Aurinia Pharmaceuticals Initiates Phase Ia Trial of AUR200 for Autoimmune Diseases

Key Insights

• Aurinia Pharmaceuticals has dosed the first subject in a Phase Ia trial of AUR200, an IgG4 Fc-fusion protein, for autoimmune diseases.
• The trial aims to assess the safety, tolerability, pharmacokinetics, and biomarker changes of AUR200 in healthy volunteers, with results expected in the first half of next year.
• AUR200 targets both B-cell activating factor (BAFF) and a proliferation-inducing ligand (APRIL), crucial cytokines in B-cell regulation.

Aurinia Pharmaceuticals has commenced a Phase Ia clinical trial of AUR200, a potential treatment for autoimmune diseases. The trial, a single ascending dose (SAD) study, will evaluate the safety, tolerability, pharmacokinetics, and biomarker changes of AUR200 in healthy volunteers. Results from the study are anticipated in the first half of next year.

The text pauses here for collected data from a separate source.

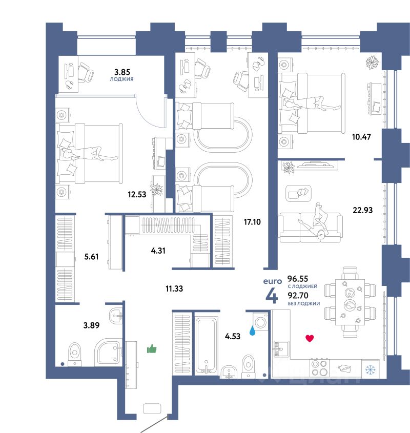 Застройщиком спроектированы квартиры с различными планировками - от студий до четырехкомнатных общей площадью от 28,07 до 131,51 кв. м. Отделочные работы не осуществляются.
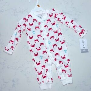 Adorable Carter's one piece featuring a playful red crab print on a white background. Perfect for your little one's comfort and style.
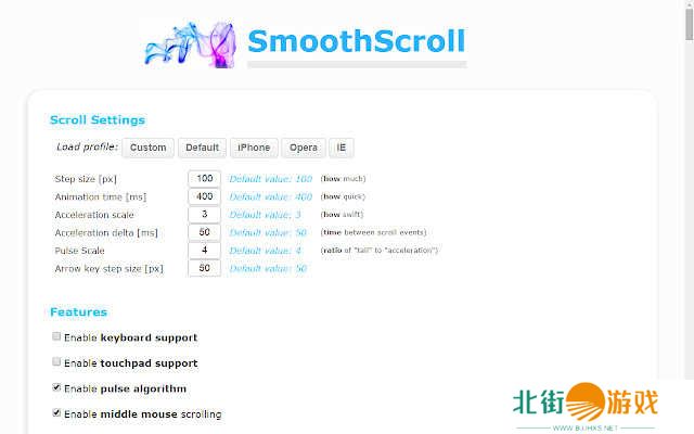 在此页面中,SmoothScroll提供了多种环境下的鼠标滚动配置,如:iPhone、Opera、IE,你可以从中选择任意配置。
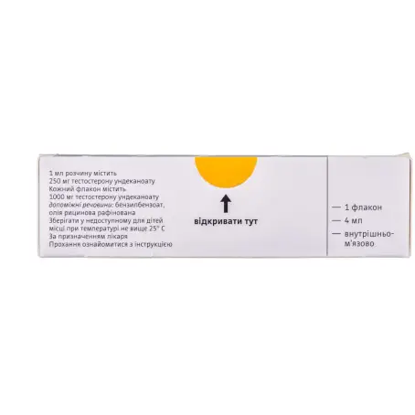 1 флакон содержит 1000 мг ундеканоата тестостерона в 4 мл раствора для инъекций (250 мг ундеканоата тестостерона/мл, что соответствует 157,9 мг тестостерона);
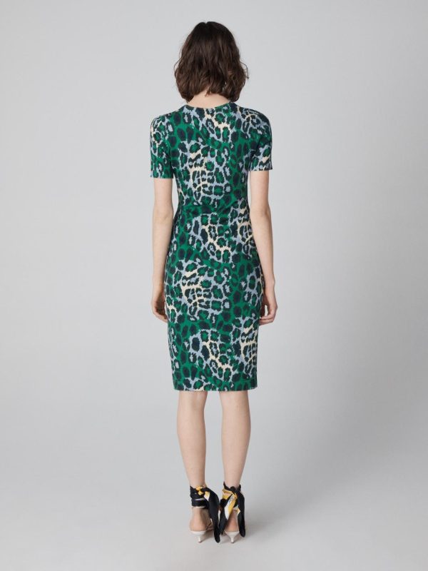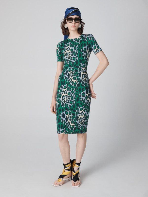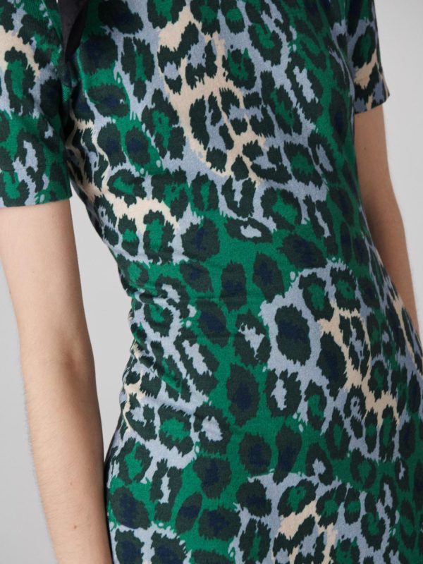 Dresses | Women Diane Von Furstenberg Florence Knit Short Sleeve Dress Giant Jungle Cat Printed
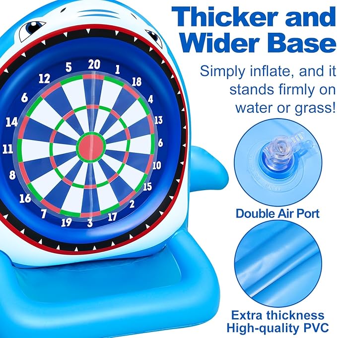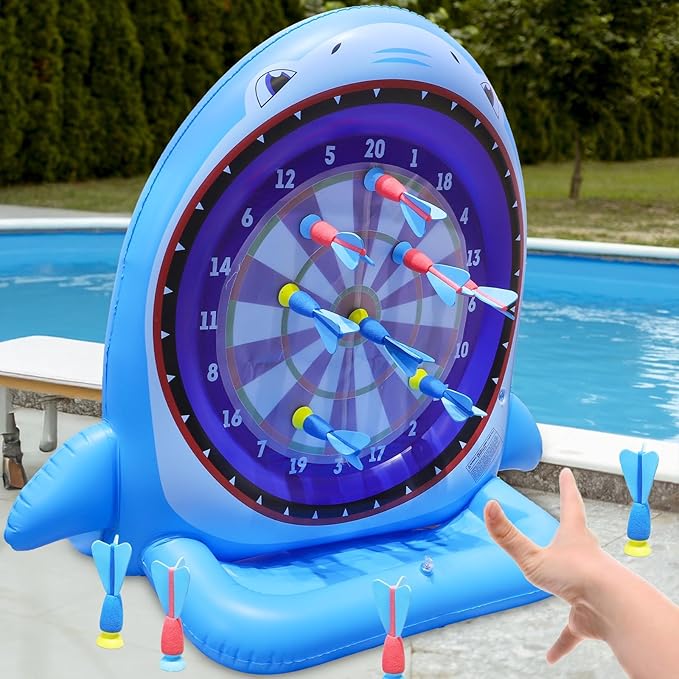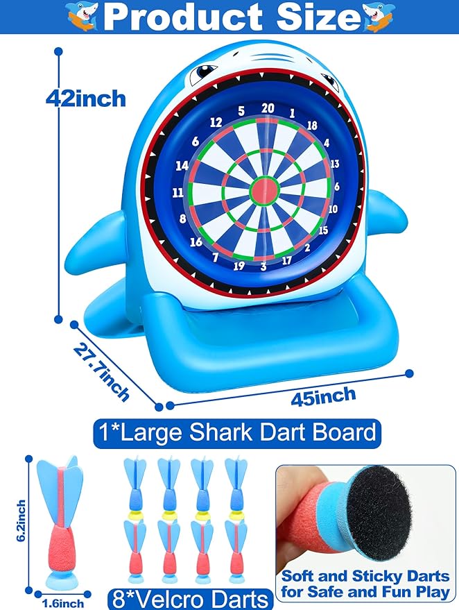 - Perfect Gift for All Ages: The Inflatable Shark Dart Throw Game set is an excellent gift for boys and girls aged 6-12, as well as children, teens, and even adults! Whether it's in the pool, at the beach, or in the backyard, this product brings endless fun and challenges for kids

AUR200 is an IgG4 Fc-fusion protein designed with minimal effector function. It targets both B-cell activating factor (BAFF) and a proliferation-inducing ligand (APRIL), which are key cytokines involved in B-cell survival and differentiation. The B-cell maturation antigen (BCMA) domain of AUR200 enhances its binding affinity to BAFF and APRIL. Dual inhibition of these cytokines is considered a clinically validated mechanism with significant therapeutic potential for various autoimmune diseases.

The company intends to develop AUR200 for disease states with limited current market options, including a larger indication and a faster-to-market smaller indication that aligns with the FDA criteria for rare and orphan diseases. Specific indications and development plans will be communicated based on the progress and outcomes of early-stage clinical trials and an ongoing assessment of the competitive landscape.

Preclinical Evidence

In animal studies, therapeutic dosing of AUR200 demonstrated a reduction in several markers of disease activity and improved overall survival in a mouse model of lupus. These findings support the potential of AUR200 as a therapeutic agent for autoimmune conditions.

Management Commentary

Aurinia Pharmaceuticals chief medical officer Dr. Greg Keenan stated, "The start of the single ascending dose study is an important milestone for developing AUR200, which has the potential to serve as a best-in-class treatment in autoimmune diseases with high unmet need. We believe AUR200 is a more potent compound with a higher binding affinity compared to the two other TACI-Fc molecules designed to bind both BAFF and APRIL that were tested in our preclinical research. We expect the data from this early-stage study to provide key points of differentiation that will inform further clinical development efforts."

Aurinia Pharmaceuticals plans to fund this development program with its available cash flow, which is not expected to affect the company’s post-restructuring operating expense targets.